Lately, I’ve been all about comfort-eating, and I haven’t quite pinned down what the catalyst for this calamity is:  could it be that we’re one World Cup game away from mass hysteria & a national depression after one of the greatest highs in our country’s history?  Or maybe it’s that winter has decided it’s time to quit being polite for the nice visitors & descend upon us like an angry Greek god upon their nemeses?  It could be that I’m newly single and having a hard time chewing on anything other than my own misery & complex carbohydrates…  Perhaps it’s all of the above; but be that as it may, I’m embracing it.  The Bikini-Readiness Program has been completely abandoned for the moment, and all ideas of health-related blog posts are being ignored.  Deal with it, my lovelies – we’ll get through this together!

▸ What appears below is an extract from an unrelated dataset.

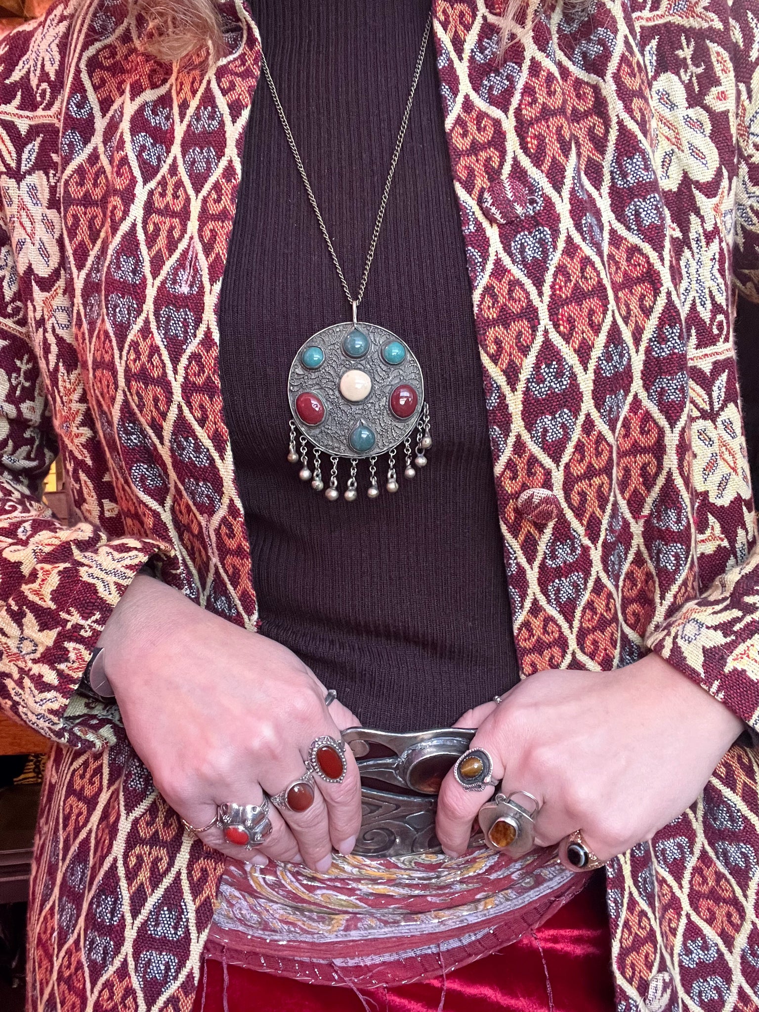 Details- 70s Kuchi cabochon stone inlay necklace with bells

So, Thursday evening I had the pleasure of hosting an impromptu dinner-cum-photo shoot with their loveliness’ Dizzy & Polly Linguist. I’m trying to get my food styling mojo back, as it’s been a wee while since my last foray.  I also connected with my good friend Darryn Lazarus of Sagra Food & Wine Merchants who sent me away with a bottle of prized hazelnut oil* after a visit, so it was a truly congruent occasion.  I’m giving myself a double word score for congruent, okay? Boom!

Your selection of mushrooms really makes this dish, so be sure you get your hands on some special & different varieties beforehand.  The major retailers in SA have a good selection of fresh varieties now, and if you’re in Cape Town like me, your choices are endless as to sources.  My two faves have to be from the folk at the Biscuit Mill on a Saturday morning – the mushrooms skewers they make on their little griddle are reason enough to get on down there, but they also sell a wonderful selection & will tell you magical stories about them if you let them – and the other is going hunting for them in the Newlands forest with a guide.  Gary Goldman is a serious fungi aficionado and knows his enoki from his shiitake, and will take you on an early morning hunt for porcini the size of a small baby.  No spice!

What you’ll need… (serves 4)

½ bag dried linguine

3-4 cups of mixed mushrooms, torn/sliced/whole/ as you please

1 tbsp olive oil

4 cloves garlic, smashed

1/3 cup Italian flat-leaf parsley, chopped

1 lemon, zested

½  tbsp hazelnut oil

Salt & coarse pepper

Grana Padano shavings (Parmigiano Reggiano is too bold a flavour for this dish, so stay away)

And then…

Get a big pot of salted water on the boil.  Once at a rolling boil, do the twisty thing with your linguine like we did here & throw it in the pot.  Heat the olive oil in a sauté pan & add your mushrooms.  Toss them gently until they start to get some good colour on them.  Add the garlic, parsley & lemon zest & continue to toss well to incorporate all those crazy flavours.  Pull the mushies off the heat & set them aside.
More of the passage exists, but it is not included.